__TASK__
Repeat each entry exactly. Drop every image.

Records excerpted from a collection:

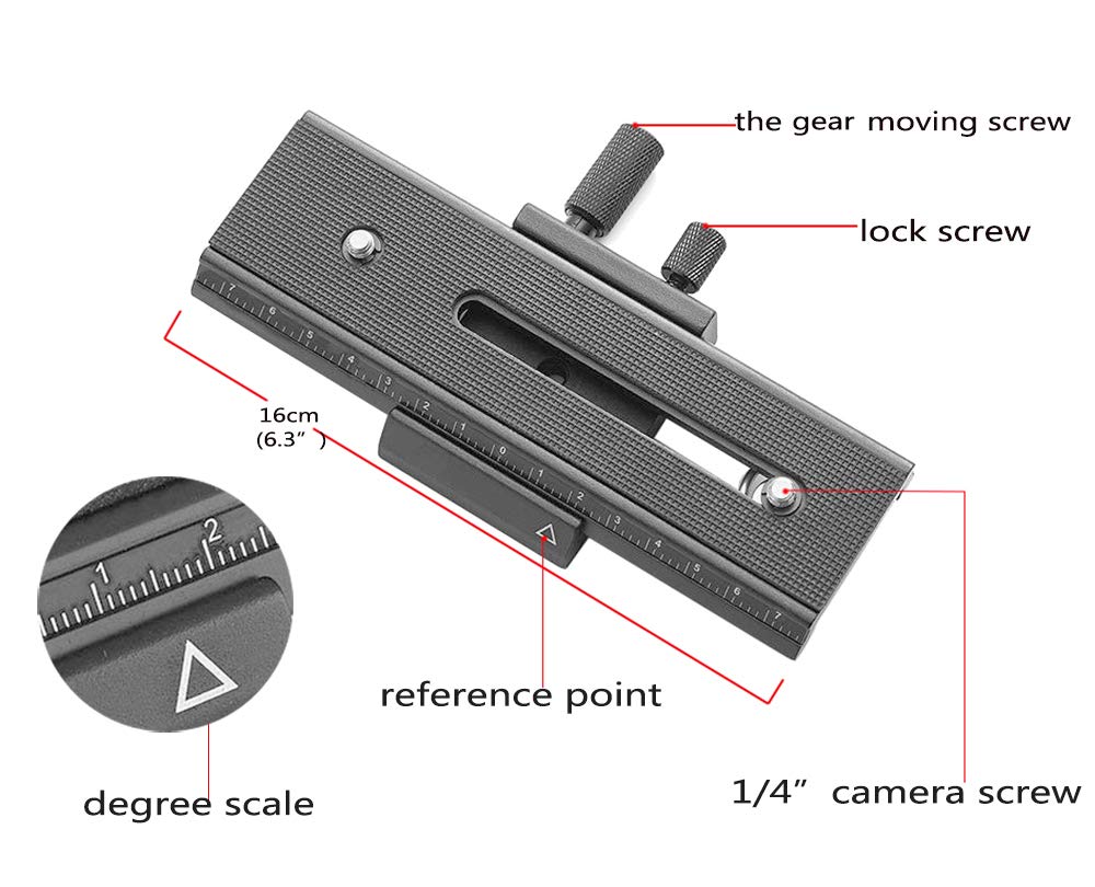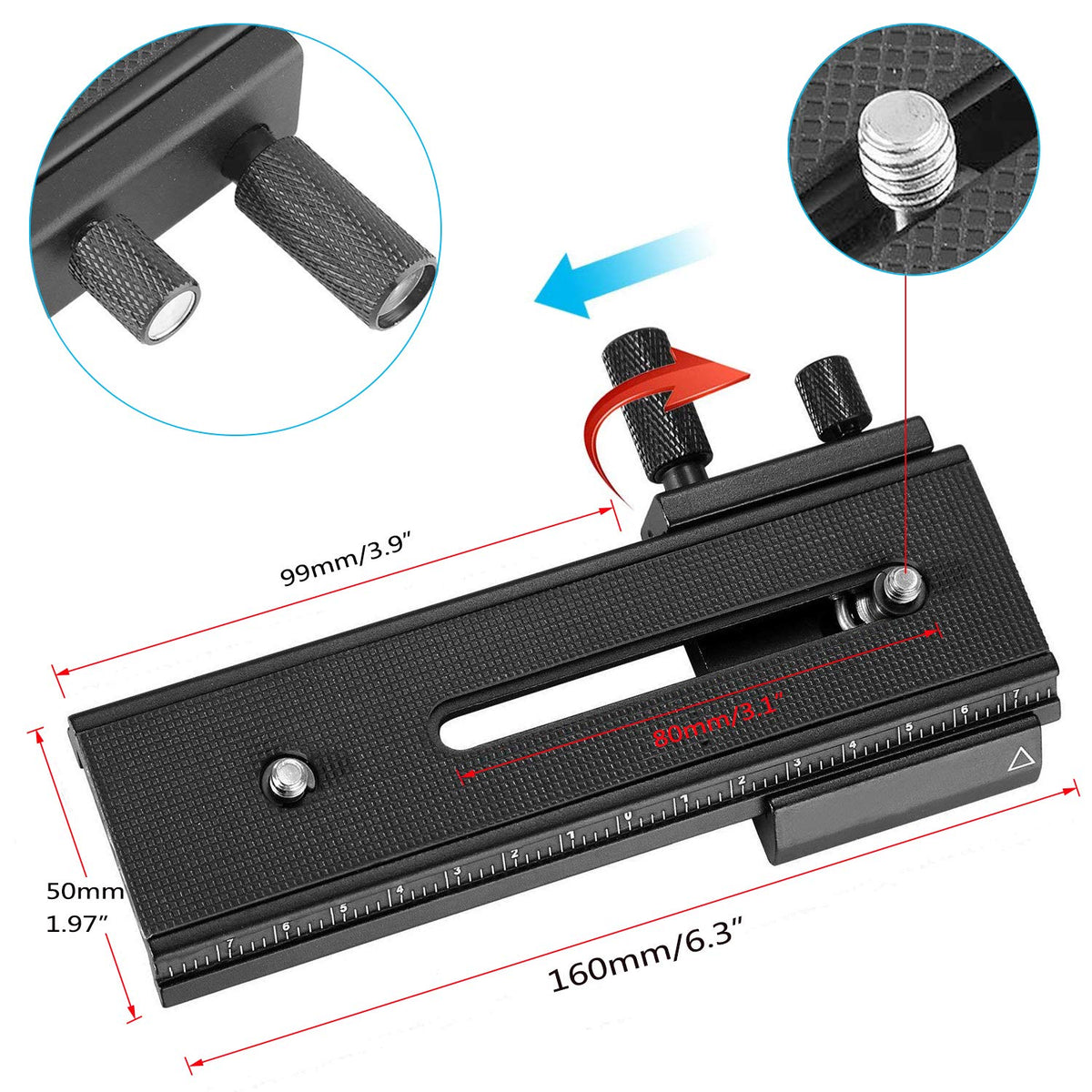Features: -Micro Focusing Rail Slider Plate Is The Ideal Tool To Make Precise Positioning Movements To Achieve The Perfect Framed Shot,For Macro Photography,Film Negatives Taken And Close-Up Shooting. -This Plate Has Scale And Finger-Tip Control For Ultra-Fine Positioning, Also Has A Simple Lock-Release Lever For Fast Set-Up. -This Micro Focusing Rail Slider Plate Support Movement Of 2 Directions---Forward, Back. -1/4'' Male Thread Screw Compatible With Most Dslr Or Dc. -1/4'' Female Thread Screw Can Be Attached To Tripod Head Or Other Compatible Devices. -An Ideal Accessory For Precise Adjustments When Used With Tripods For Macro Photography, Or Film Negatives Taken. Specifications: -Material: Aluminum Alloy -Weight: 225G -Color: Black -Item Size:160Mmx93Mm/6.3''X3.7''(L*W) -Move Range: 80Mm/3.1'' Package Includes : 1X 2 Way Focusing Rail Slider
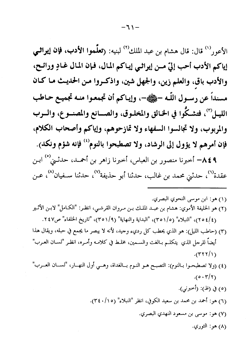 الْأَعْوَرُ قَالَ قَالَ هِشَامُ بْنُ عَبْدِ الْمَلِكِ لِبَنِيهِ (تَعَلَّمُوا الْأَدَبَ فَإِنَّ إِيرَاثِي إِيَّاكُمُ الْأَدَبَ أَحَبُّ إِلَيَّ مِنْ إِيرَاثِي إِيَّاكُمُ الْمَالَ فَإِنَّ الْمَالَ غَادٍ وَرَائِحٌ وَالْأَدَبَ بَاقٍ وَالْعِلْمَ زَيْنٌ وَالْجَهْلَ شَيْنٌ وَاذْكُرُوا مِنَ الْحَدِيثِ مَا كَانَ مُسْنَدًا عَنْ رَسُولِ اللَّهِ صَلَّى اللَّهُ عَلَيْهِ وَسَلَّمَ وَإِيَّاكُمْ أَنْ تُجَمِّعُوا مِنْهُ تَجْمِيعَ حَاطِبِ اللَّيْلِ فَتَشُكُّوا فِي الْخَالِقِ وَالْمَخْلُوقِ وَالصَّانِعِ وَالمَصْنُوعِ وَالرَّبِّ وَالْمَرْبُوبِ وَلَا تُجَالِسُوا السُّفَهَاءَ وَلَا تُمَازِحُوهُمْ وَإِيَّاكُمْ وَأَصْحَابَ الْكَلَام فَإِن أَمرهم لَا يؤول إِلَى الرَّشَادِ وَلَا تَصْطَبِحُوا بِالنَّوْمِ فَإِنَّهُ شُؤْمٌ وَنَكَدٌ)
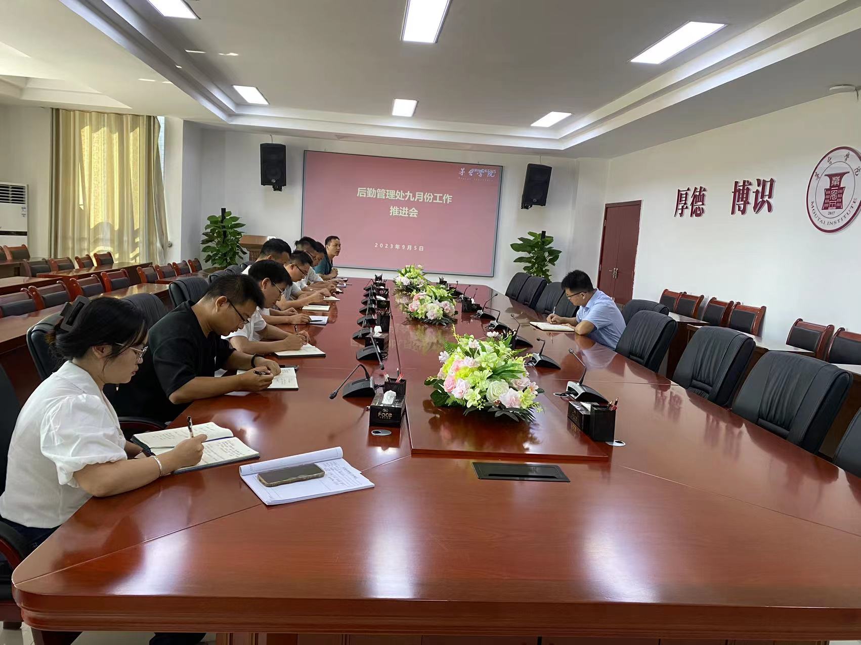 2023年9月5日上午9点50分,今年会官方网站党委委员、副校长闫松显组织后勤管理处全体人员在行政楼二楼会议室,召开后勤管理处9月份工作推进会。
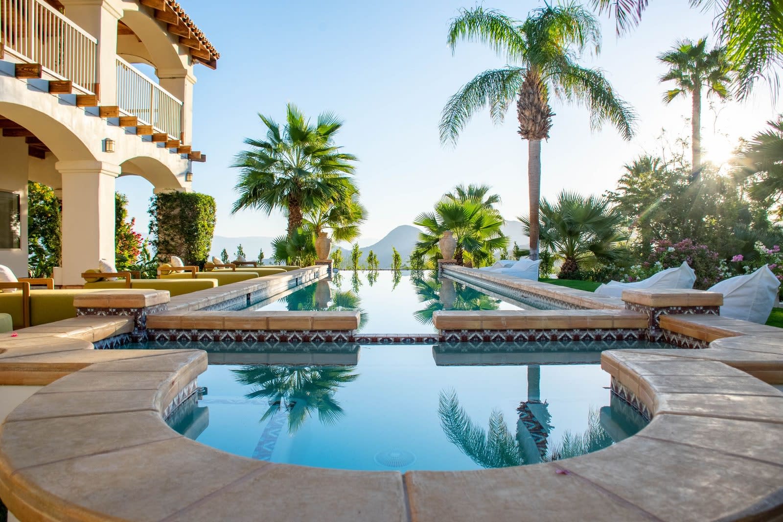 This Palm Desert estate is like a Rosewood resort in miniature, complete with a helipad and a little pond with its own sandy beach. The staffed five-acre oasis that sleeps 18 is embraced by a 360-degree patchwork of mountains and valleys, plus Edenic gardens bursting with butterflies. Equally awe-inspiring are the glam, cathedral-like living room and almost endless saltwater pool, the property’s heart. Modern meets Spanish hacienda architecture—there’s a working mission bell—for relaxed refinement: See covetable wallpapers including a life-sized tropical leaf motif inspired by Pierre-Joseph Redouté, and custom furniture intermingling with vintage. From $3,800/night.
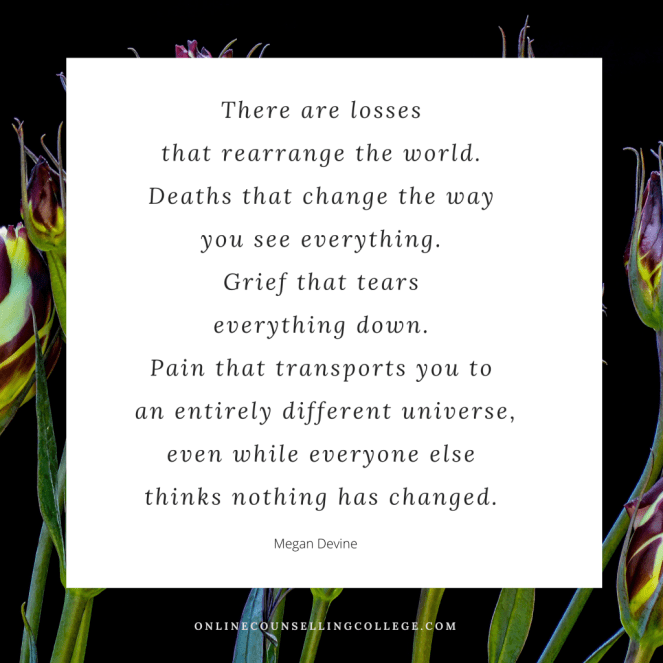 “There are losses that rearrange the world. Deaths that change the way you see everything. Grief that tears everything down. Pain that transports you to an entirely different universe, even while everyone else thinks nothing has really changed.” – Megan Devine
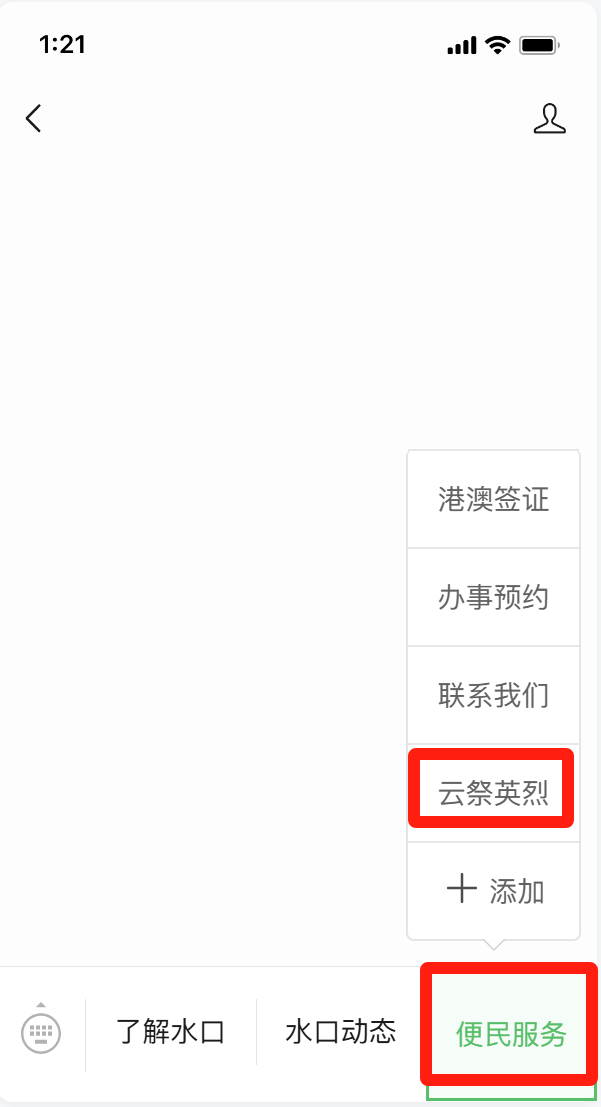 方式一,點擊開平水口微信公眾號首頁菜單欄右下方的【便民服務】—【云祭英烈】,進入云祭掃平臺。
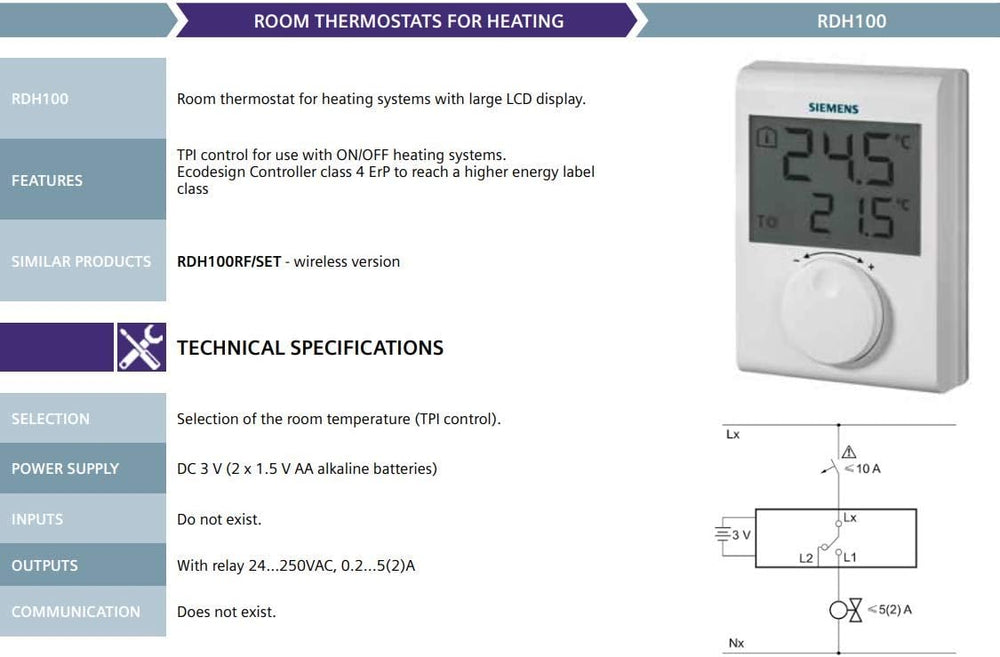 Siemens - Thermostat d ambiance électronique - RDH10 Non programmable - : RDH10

__FINISHED EXERCISE__
Features: -Micro Focusing Rail Slider Plate Is The Ideal Tool To Make Precise Positioning Movements To Achieve The Perfect Framed Shot,For Macro Photography,Film Negatives Taken And Close-Up Shooting. -This Plate Has Scale And Finger-Tip Control For Ultra-Fine Positioning, Also Has A Simple Lock-Release Lever For Fast Set-Up. -This Micro Focusing Rail Slider Plate Support Movement Of 2 Directions---Forward, Back. -1/4'' Male Thread Screw Compatible With Most Dslr Or Dc. -1/4'' Female Thread Screw Can Be Attached To Tripod Head Or Other Compatible Devices. -An Ideal Accessory For Precise Adjustments When Used With Tripods For Macro Photography, Or Film Negatives Taken. Specifications: -Material: Aluminum Alloy -Weight: 225G -Color: Black -Item Size:160Mmx93Mm/6.3''X3.7''(L*W) -Move Range: 80Mm/3.1'' Package Includes : 1X 2 Way Focusing Rail Slider
 الْأَعْوَرُ قَالَ قَالَ هِشَامُ بْنُ عَبْدِ الْمَلِكِ لِبَنِيهِ (تَعَلَّمُوا الْأَدَبَ فَإِنَّ إِيرَاثِي إِيَّاكُمُ الْأَدَبَ أَحَبُّ إِلَيَّ مِنْ إِيرَاثِي إِيَّاكُمُ الْمَالَ فَإِنَّ الْمَالَ غَادٍ وَرَائِحٌ وَالْأَدَبَ بَاقٍ وَالْعِلْمَ زَيْنٌ وَالْجَهْلَ شَيْنٌ وَاذْكُرُوا مِنَ الْحَدِيثِ مَا كَانَ مُسْنَدًا عَنْ رَسُولِ اللَّهِ صَلَّى اللَّهُ عَلَيْهِ وَسَلَّمَ وَإِيَّاكُمْ أَنْ تُجَمِّعُوا مِنْهُ تَجْمِيعَ حَاطِبِ اللَّيْلِ فَتَشُكُّوا فِي الْخَالِقِ وَالْمَخْلُوقِ وَالصَّانِعِ وَالمَصْنُوعِ وَالرَّبِّ وَالْمَرْبُوبِ وَلَا تُجَالِسُوا السُّفَهَاءَ وَلَا تُمَازِحُوهُمْ وَإِيَّاكُمْ وَأَصْحَابَ الْكَلَام فَإِن أَمرهم لَا يؤول إِلَى الرَّشَادِ وَلَا تَصْطَبِحُوا بِالنَّوْمِ فَإِنَّهُ شُؤْمٌ وَنَكَدٌ)
 2023年9月5日上午9点50分,今年会官方网站党委委员、副校长闫松显组织后勤管理处全体人员在行政楼二楼会议室,召开后勤管理处9月份工作推进会。
 This Palm Desert estate is like a Rosewood resort in miniature, complete with a helipad and a little pond with its own sandy beach. The staffed five-acre oasis that sleeps 18 is embraced by a 360-degree patchwork of mountains and valleys, plus Edenic gardens bursting with butterflies. Equally awe-inspiring are the glam, cathedral-like living room and almost endless saltwater pool, the property’s heart. Modern meets Spanish hacienda architecture—there’s a working mission bell—for relaxed refinement: See covetable wallpapers including a life-sized tropical leaf motif inspired by Pierre-Joseph Redouté, and custom furniture intermingling with vintage. From $3,800/night.
 “There are losses that rearrange the world. Deaths that change the way you see everything. Grief that tears everything down. Pain that transports you to an entirely different universe, even while everyone else thinks nothing has really changed.” – Megan Devine
 方式一,點擊開平水口微信公眾號首頁菜單欄右下方的【便民服務】—【云祭英烈】,進入云祭掃平臺。
 Siemens - Thermostat d ambiance électronique - RDH10 Non programmable - : RDH10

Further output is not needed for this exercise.